The Beauty of Noticing
There’s a certain way my body knows when something is right.
Not because it’s loud.
Not because it’s expensive.
But because something inside me softens and quietly says yes.
It might be the way the sun paints a soft, glittering canvas across dewy morning grass.
Or...the first quiet signs of spring pushing through the earth – warm yellow daffodils blooming as if on cue.
The familiar scent of my favorite coconut lilikoi lotion, whisking me straight back to Hawai‘i as I take a moment to nourish my skin.
The taste of my morning coffee, rich and grounding, transporting my soul to a place of warmth, comfort, and calm.
The sound of a slack key guitar gently soothing my soul.
These moments don’t announce themselves.
They shimmer. They make me sparkle from the inside out.
And when I notice them, I feel more alive.
A big part of what makes me me is my love of sensory experience.
Not as stimulation for stimulation’s sake - but as nourishment.
Sights.
Sounds.
Scents.
Tastes.
Textures.
Atmosphere.
The way something feels in my body matters just as much as how it looks.
For a long time, I thought this was simply a preference.
A love of beauty.
A tendency to romanticize the everyday.
But there’s something deeper happening - something biological.
There is real science behind why sensory experiences can feel so deeply satisfying for certain people. And it turns out, this sensitivity isn’t a personality quirk at all - it’s a form of neurobiological wiring.
Humans vary in sensory sensitivity and reward responsiveness. Some nervous systems are especially attuned to:
Color
Texture
Scent
Sound
Taste
Subtle emotional atmosphere
For these people, sensory input isn’t background noise - it’s fuel.
This kind of wiring is often found in people who are highly creative, emotionally intuitive, aesthetically aware, and deeply regulated by beauty, ritual, and environment.
When something looks, sounds, or feels right, the body doesn’t just notice - it responds.
So what’s actually happening in the brain?
First, there’s dopamine - often misunderstood as the “pleasure chemical.” Dopamine isn’t just released during big highs. It’s released when something feels meaningful. When something aligns with who you are. When you anticipate a moment that feels nourishing or familiar.
Your brain is constantly asking:
Does this matter to me?
Is this aligned?
Is this worth paying attention to?
When the answer is yes, dopamine flows - not as a rush, but as a quiet signal:
Stay here.
Then there’s serotonin, which brings a sense of calm happiness and emotional warmth. Sensory environments that feel intentional, beautiful, and familiar - places that feel like home to your nervous system - support serotonin. This is why some moments don’t just feel joyful; they feel deeply soothing.
And then there’s oxytocin, which surprises people.

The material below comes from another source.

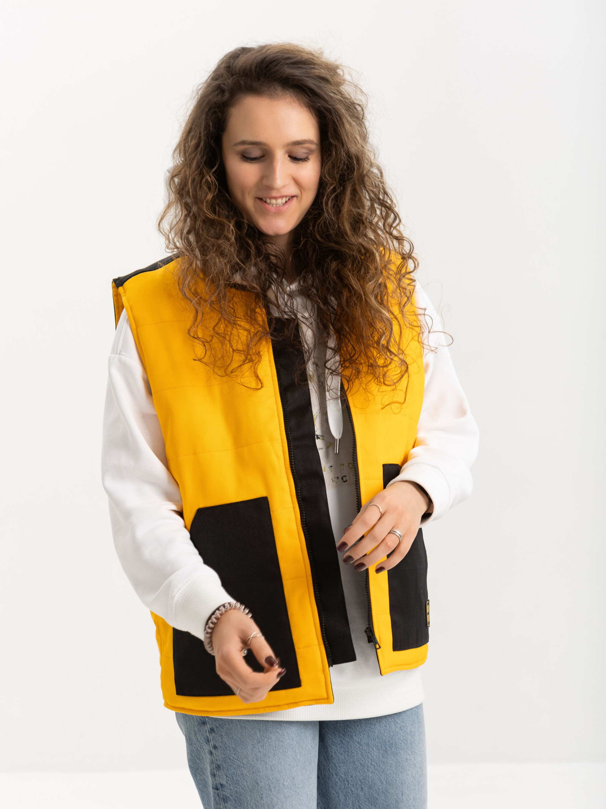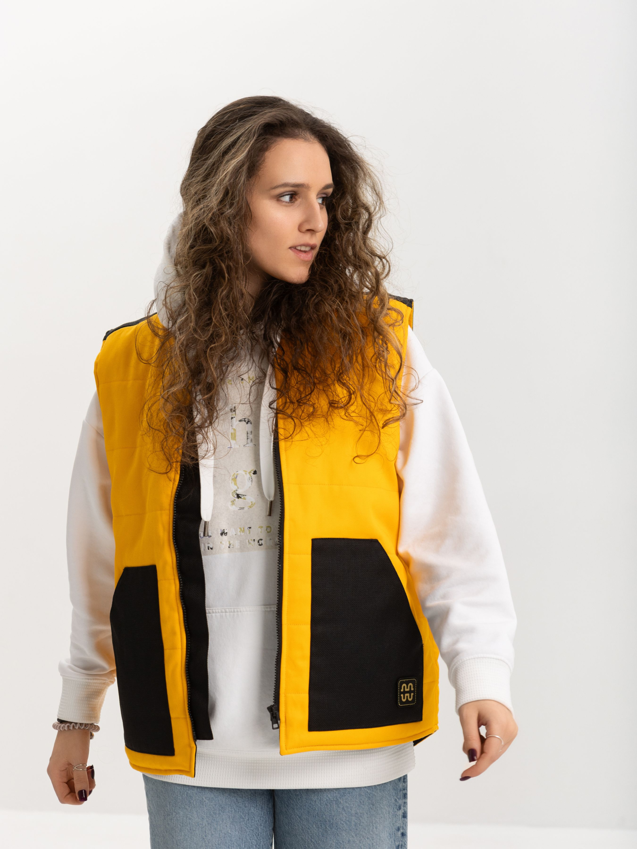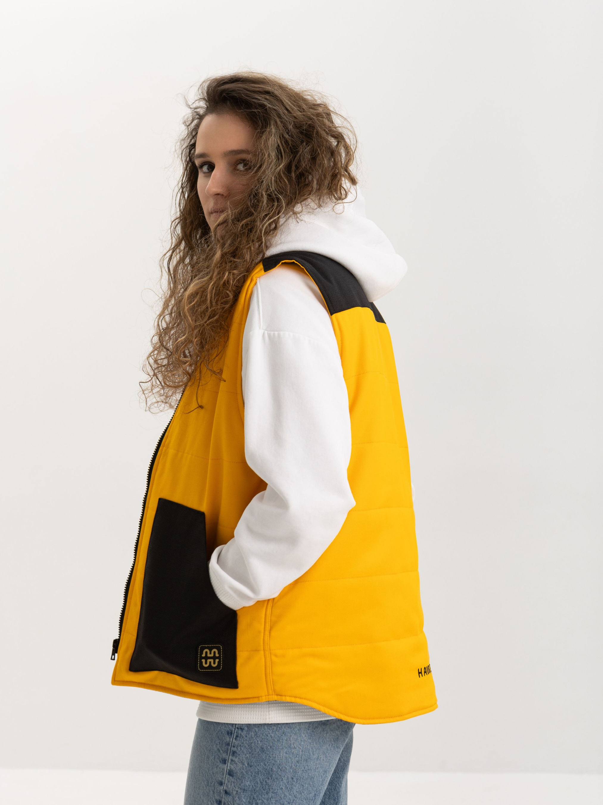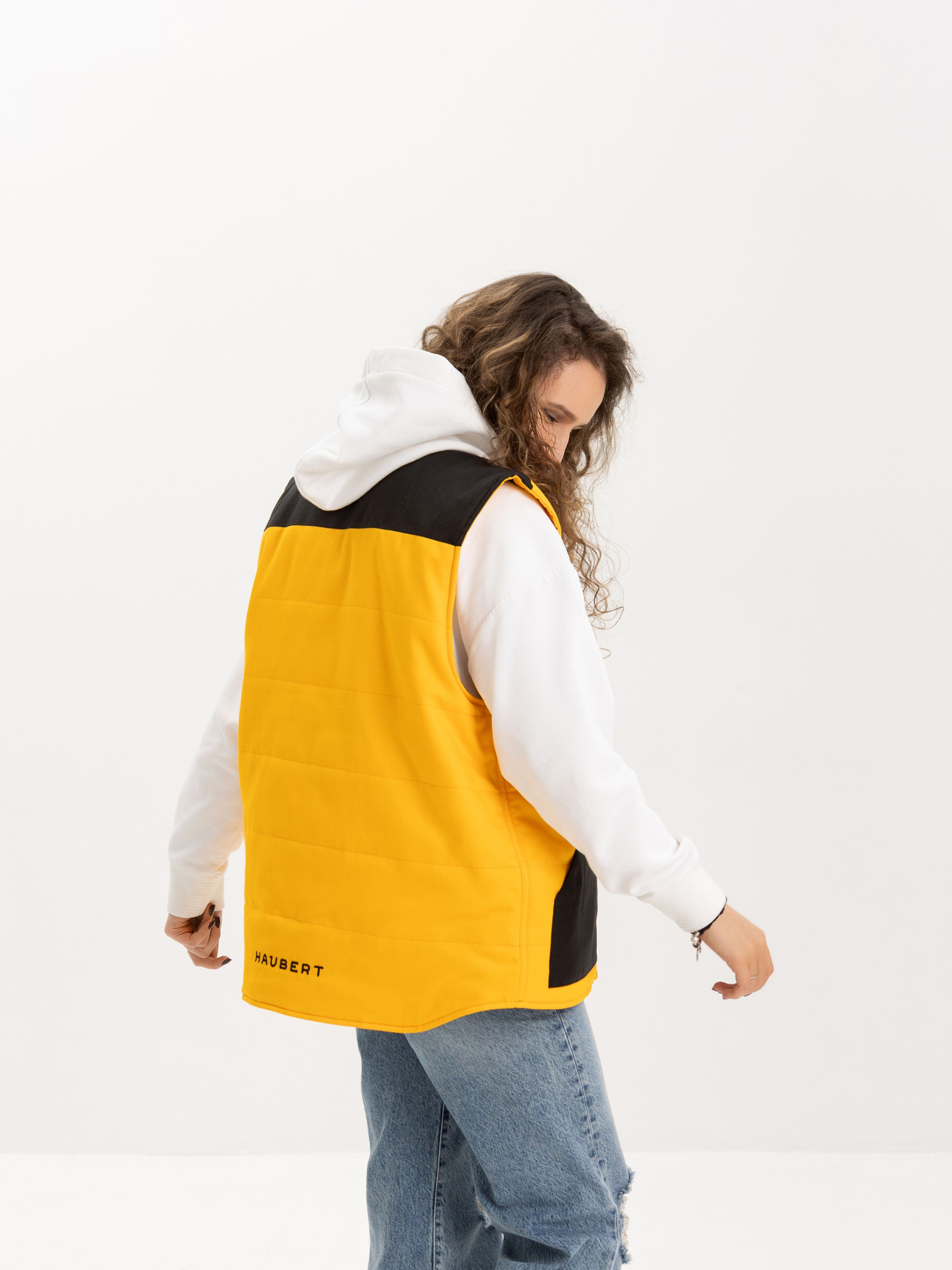 Яскрава жилетка від HAUBERT у насиченому жовтому кольорі — чудовий акцент для стильного образу у прохолодну пору. Контрастні вставки з міцної кордури на кишенях і плечах додають динамічності та зносостійкості. Модель має центральну блискавку, дві зовнішні накладні кишені та внутрішні кишені на липучках — усе для зручності та впевненого комфорту протягом дня. Чудово пасує як до спортивного, так і до міського кежуал-луку.

Oxytocin isn’t only about human connection. It’s about felt safety and emotional bonding. Your brain can form oxytocin responses to places, sounds, scents, textures, tastes and rituals. That’s why certain locations feel comforting. Why certain music feels like belonging. Why certain experiences feel like they wrap around you.
You’re bonding emotionally with sensation.
Finally, there’s the vagus nerve - a major regulator of the nervous system. Gentle sensory input - natural sounds, warmth, visual harmony, rhythm - activates the parasympathetic state. The one that says:
I’m safe.
I can breathe.
I can soften.
So when a sensory moment feels good, it’s not indulgence.
It’s regulation.
This is why sensory joy feels so core to who I am.
For some people, fulfillment comes primarily through achievement.
For others, through connection.
For people like me, it comes through presence.
Beauty plus sensory awareness equals emotional fuel.
I’m not chasing intensity.
I’m chasing attunement.
That’s why Aloha & Co. has always felt less like a brand and more like a state. A sensory state. A reminder to come back into the body. To notice what nourishes you. To let joy be quiet, embodied, and real.
This is also why Hawai‘i resonates so deeply with me.
Not just as a place - but as a sensory ecosystem.
It’s saturated with color.
Rich with scent.
Rhythmic.
Tactile.
Emotionally symbolic.
For certain nervous systems, environments like this provide a full-spectrum experience of dopamine, serotonin, and oxytocin - layered together in a way that feels deeply alive.
Some people need that level of sensory nourishment to feel fully themselves.
And that’s okay.
So no - you’re not “extra.”
You’re not indulgent.
You’re not avoiding reality.
You may simply be biologically wired to experience joy through sensory meaning.
And when you honor that wiring - when you let beauty, texture, sound, and atmosphere matter - you become more grounded. More creative. More regulated. More you.
That isn’t aesthetic fluff.
That’s neuroscience meeting soul.
And this journal is a place for noticing those moments.
For honoring them.
For sharing them - quietly, intentionally, joyfully.